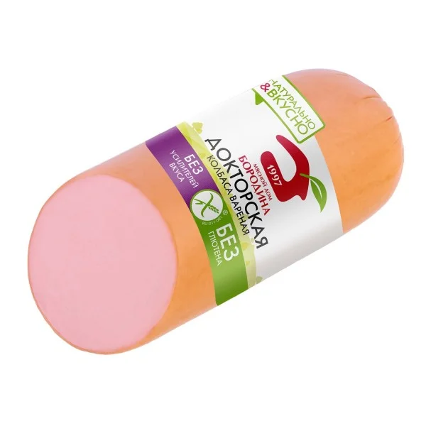 Колбаса Мясной дом Бородина Докторская – классическая рецептура и отборные ингредиенты для высококачественного и популярного продукта. Докторская колбаса – это идеальный вариант для приготовления бутербродов к завтраку, разнообразных салатов, выпечки и супов. Она готовится на основе мяса высшего сорта без добавления соевых продуктов, а также без использования усилителей вкуса, ГМО и прочих вредных компонентов. Продукт имеет насыщенный вкус и приятный аромат пряных специй.
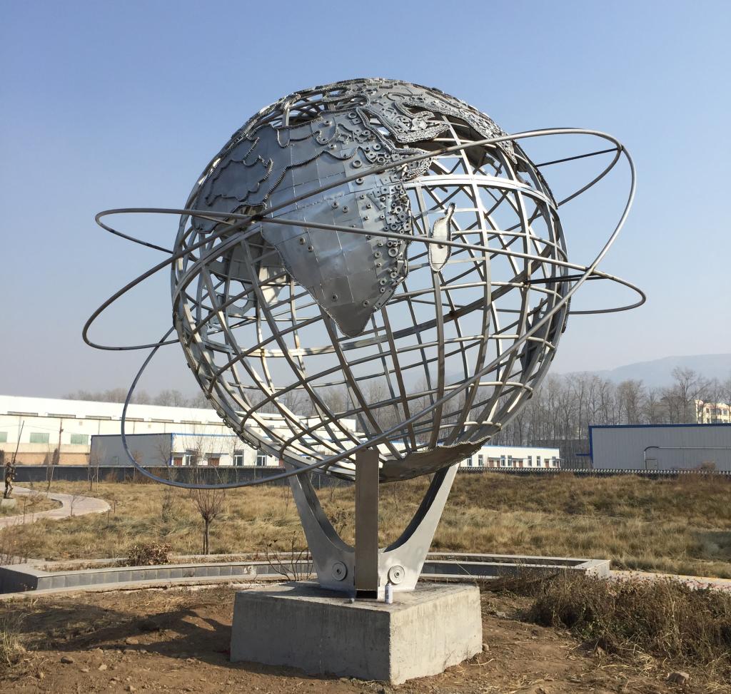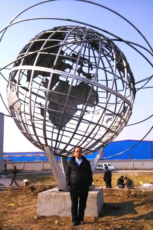 这五件雕塑中,以地球仪雕塑的制作难度最大,主要难度体现为:球体的精确计算加工和焊接变型。通过精密的计算、精心的施工以及高超的焊接技术,地球仪雕塑的制作终于顺利圆满完工,赢得甲方好评,同时也再次创下了杨刚老师雕塑艺术创作的新高度。
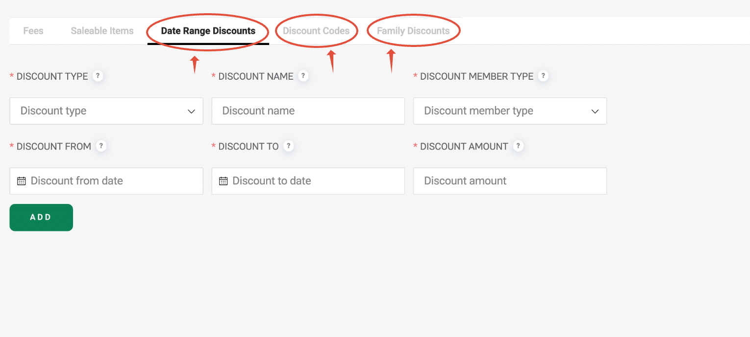 - Family Discounts-set up discounts for when families are registering more than one member.
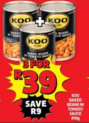 | КОО BAKED BEANS IN TOMATO SAUCE 410g | Usave | R 39,00 | SAVE R9 | 16 November 2023 | 19 November 2023 | ||

### Work to complete
Print every line of the material above exactly as it reads, skipping the pictures.

### Exercise output
 Колбаса Мясной дом Бородина Докторская – классическая рецептура и отборные ингредиенты для высококачественного и популярного продукта. Докторская колбаса – это идеальный вариант для приготовления бутербродов к завтраку, разнообразных салатов, выпечки и супов. Она готовится на основе мяса высшего сорта без добавления соевых продуктов, а также без использования усилителей вкуса, ГМО и прочих вредных компонентов. Продукт имеет насыщенный вкус и приятный аромат пряных специй.
 这五件雕塑中,以地球仪雕塑的制作难度最大,主要难度体现为:球体的精确计算加工和焊接变型。通过精密的计算、精心的施工以及高超的焊接技术,地球仪雕塑的制作终于顺利圆满完工,赢得甲方好评,同时也再次创下了杨刚老师雕塑艺术创作的新高度。
 - Family Discounts-set up discounts for when families are registering more than one member.
 | КОО BAKED BEANS IN TOMATO SAUCE 410g | Usave | R 39,00 | SAVE R9 | 16 November 2023 | 19 November 2023 | ||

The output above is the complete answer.